I had a number of rides I hoped to have with Rocinante. I wanted to return to the Lamorinda Trails to cycle through their nature trails that I have always missed. My homeboy, Scott expressed an interest in mountain biking through the lush wooded trails at Joaquin Miller Park in Oaktown. I looked forward to more bicycle rides with my favorite Maria in the whole wide world. And I never tired of riding Rocinante around Lake Merritt, whether if it was gray and drizzly, warm and bright, or alit at night with its necklace of lights that have shone since 1925.

Like any good bicycle, Rocinante was an extension of myself. Now that he’s been stolen, I don’t want to think of him being taken apart, piece by piece. Whoever has his frame, his handlebar, cannot imagine or understand what we went through together.
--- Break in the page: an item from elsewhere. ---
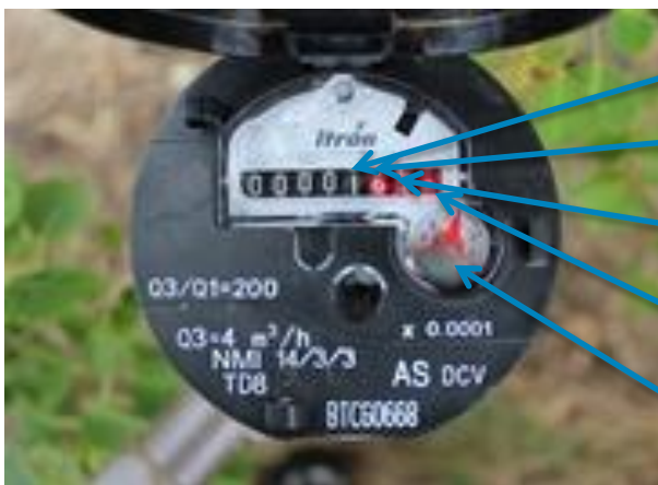
RMC brand meter

All those hills we surpassed, all that sweat I expended, all those miles we traveled. They cannot imagine all the beauty we saw, felt, and created together——foot to pedal, hands to handlebar; my legs pumping, his chain turning to propel us forward. There was so much I wanted to see and feel with him. So much we had left (or so I would like to believe, but nothing in life is certain except for death and impermanence). I have had no choice but to move on without my dear companion but I will carry those memories we made together.